### To do:
Give again only those lines from the start of the entries through the line holding "FATIMID: al-Mu'izz, 953-975, AV", leaving them as they are.

### Records from a data source:
*** Block opens ***

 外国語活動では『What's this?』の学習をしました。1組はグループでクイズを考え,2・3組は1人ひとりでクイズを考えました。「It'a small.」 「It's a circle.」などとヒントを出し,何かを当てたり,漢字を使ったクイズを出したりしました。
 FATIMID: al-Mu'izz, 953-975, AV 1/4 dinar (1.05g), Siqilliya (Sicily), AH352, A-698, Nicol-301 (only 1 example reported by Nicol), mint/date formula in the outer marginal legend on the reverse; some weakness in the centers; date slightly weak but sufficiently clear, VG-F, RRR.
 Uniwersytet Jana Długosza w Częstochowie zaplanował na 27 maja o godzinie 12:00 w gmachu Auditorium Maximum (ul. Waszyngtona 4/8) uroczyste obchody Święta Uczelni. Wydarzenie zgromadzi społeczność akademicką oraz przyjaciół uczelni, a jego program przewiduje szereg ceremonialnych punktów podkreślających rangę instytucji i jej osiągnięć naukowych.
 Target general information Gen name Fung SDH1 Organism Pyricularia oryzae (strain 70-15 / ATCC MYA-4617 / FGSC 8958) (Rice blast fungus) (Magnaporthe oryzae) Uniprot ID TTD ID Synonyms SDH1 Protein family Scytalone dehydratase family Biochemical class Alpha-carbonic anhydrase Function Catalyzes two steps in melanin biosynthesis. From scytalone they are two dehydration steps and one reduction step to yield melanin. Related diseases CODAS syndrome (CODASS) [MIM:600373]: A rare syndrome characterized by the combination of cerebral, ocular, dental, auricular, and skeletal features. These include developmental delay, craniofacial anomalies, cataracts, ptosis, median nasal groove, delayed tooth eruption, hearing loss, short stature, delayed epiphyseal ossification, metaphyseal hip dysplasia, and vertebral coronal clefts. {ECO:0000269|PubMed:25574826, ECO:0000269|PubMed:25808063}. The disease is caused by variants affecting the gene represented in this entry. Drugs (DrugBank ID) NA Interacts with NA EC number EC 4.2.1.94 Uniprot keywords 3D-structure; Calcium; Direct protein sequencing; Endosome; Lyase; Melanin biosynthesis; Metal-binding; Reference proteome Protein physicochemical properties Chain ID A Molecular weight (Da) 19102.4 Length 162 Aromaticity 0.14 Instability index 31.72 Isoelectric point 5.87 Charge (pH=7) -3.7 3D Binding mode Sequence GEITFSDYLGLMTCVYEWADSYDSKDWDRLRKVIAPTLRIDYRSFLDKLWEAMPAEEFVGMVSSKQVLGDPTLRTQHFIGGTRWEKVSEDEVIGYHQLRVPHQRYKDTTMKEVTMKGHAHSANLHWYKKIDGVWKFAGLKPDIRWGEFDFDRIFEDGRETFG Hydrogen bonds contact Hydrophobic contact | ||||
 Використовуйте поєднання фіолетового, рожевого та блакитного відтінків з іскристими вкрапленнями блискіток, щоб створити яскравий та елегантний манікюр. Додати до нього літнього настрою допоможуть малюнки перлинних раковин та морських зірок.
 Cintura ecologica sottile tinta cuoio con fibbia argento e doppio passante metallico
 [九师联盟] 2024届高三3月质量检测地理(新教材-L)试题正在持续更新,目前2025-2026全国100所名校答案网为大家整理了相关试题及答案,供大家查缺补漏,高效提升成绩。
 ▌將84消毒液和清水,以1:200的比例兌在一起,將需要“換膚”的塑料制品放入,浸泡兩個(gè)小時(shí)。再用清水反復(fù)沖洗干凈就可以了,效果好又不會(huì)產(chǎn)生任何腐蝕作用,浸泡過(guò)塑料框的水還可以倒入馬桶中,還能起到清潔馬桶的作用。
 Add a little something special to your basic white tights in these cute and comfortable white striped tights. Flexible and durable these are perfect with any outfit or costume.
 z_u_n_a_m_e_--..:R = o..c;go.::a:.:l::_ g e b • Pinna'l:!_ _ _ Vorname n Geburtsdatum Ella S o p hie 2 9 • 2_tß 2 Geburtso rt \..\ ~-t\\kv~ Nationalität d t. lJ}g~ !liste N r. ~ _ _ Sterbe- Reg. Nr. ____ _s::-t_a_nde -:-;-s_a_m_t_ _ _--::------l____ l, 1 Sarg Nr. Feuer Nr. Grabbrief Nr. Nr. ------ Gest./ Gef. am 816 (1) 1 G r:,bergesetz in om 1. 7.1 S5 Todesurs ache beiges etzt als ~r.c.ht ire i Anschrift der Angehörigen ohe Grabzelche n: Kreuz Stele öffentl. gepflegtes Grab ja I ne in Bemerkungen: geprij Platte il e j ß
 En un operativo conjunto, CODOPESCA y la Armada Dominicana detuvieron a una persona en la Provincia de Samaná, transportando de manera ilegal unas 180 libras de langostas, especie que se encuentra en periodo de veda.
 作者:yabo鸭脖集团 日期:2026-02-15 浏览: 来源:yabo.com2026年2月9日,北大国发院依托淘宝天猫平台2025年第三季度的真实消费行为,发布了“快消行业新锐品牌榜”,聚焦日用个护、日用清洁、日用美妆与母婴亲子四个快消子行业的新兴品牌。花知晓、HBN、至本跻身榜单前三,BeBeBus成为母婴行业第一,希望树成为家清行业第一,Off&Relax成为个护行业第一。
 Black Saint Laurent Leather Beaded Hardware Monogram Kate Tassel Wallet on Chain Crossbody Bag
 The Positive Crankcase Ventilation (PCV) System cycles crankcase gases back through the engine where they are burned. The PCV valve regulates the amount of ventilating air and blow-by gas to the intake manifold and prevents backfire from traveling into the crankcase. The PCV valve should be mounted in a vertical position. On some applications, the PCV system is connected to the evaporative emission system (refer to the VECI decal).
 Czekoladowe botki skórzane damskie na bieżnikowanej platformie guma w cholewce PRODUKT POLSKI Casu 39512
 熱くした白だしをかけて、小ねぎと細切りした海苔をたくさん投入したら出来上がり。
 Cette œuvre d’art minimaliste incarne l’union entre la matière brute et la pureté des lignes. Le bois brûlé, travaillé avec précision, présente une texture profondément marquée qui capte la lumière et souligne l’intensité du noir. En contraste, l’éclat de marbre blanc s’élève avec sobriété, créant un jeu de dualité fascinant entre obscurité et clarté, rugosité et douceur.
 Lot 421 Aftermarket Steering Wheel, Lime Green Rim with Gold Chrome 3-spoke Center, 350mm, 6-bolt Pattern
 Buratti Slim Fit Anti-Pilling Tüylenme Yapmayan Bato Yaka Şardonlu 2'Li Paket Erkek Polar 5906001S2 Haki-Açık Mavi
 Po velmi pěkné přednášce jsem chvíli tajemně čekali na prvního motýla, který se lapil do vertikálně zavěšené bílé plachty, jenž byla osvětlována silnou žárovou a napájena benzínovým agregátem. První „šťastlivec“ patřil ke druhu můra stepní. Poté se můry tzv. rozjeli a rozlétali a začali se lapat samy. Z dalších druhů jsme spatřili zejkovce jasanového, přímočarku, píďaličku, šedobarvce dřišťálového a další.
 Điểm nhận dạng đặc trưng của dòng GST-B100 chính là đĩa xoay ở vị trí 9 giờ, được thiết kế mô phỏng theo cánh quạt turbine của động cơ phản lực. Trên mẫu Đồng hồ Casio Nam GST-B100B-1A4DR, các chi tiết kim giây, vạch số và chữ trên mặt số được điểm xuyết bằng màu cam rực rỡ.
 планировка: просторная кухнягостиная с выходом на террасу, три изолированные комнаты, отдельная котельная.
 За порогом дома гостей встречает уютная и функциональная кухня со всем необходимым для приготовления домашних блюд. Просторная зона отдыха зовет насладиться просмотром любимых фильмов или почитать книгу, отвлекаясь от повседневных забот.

*** Block closes ***

### Task result:
 外国語活動では『What's this?』の学習をしました。1組はグループでクイズを考え,2・3組は1人ひとりでクイズを考えました。「It'a small.」 「It's a circle.」などとヒントを出し,何かを当てたり,漢字を使ったクイズを出したりしました。
 FATIMID: al-Mu'izz, 953-975, AV 1/4 dinar (1.05g), Siqilliya (Sicily), AH352, A-698, Nicol-301 (only 1 example reported by Nicol), mint/date formula in the outer marginal legend on the reverse; some weakness in the centers; date slightly weak but sufficiently clear, VG-F, RRR.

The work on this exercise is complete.